■ Work item
Among the entries below, please repeat exactly and only the lines from the line containing "Trước đó đã" to the line containing "イベントでは動物愛護推進大会", both lines included.

■ Data records
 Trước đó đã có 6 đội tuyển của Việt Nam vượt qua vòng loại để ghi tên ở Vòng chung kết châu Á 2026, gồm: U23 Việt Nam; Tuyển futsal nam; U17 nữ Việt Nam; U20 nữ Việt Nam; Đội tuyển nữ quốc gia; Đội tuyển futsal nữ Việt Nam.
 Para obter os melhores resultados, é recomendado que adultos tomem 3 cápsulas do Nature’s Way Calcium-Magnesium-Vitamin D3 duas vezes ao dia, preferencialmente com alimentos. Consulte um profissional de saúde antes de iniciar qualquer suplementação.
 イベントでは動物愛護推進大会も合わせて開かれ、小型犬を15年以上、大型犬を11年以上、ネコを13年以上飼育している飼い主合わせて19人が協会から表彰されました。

---

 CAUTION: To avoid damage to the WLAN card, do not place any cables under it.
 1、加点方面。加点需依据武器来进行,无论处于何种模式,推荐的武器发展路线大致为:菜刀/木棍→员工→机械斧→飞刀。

---

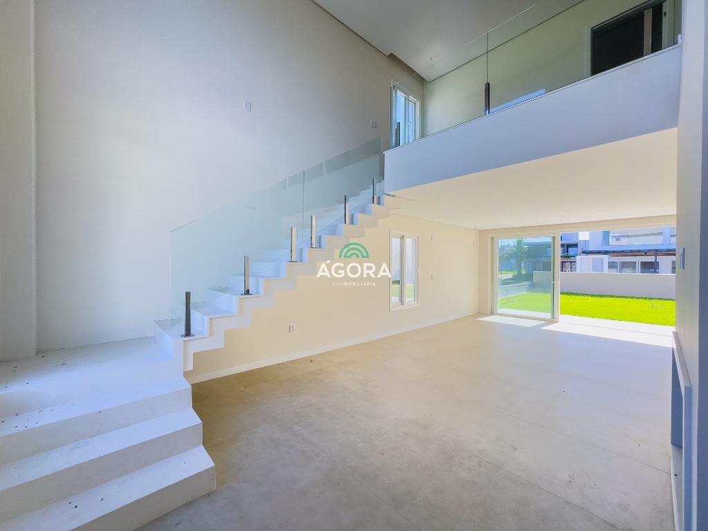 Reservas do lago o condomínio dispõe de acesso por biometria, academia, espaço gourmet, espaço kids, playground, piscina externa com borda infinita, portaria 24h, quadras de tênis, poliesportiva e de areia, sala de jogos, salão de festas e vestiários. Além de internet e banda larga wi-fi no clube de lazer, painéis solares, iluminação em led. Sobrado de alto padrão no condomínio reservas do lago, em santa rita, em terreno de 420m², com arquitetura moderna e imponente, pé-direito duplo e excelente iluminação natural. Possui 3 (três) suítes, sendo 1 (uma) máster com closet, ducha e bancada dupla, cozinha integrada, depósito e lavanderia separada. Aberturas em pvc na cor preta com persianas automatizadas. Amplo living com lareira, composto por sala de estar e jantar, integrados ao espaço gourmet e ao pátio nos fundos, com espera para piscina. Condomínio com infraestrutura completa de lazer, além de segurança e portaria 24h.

■ Answer section
 Trước đó đã có 6 đội tuyển của Việt Nam vượt qua vòng loại để ghi tên ở Vòng chung kết châu Á 2026, gồm: U23 Việt Nam; Tuyển futsal nam; U17 nữ Việt Nam; U20 nữ Việt Nam; Đội tuyển nữ quốc gia; Đội tuyển futsal nữ Việt Nam.
 Para obter os melhores resultados, é recomendado que adultos tomem 3 cápsulas do Nature’s Way Calcium-Magnesium-Vitamin D3 duas vezes ao dia, preferencialmente com alimentos. Consulte um profissional de saúde antes de iniciar qualquer suplementação.
 イベントでは動物愛護推進大会も合わせて開かれ、小型犬を15年以上、大型犬を11年以上、ネコを13年以上飼育している飼い主合わせて19人が協会から表彰されました。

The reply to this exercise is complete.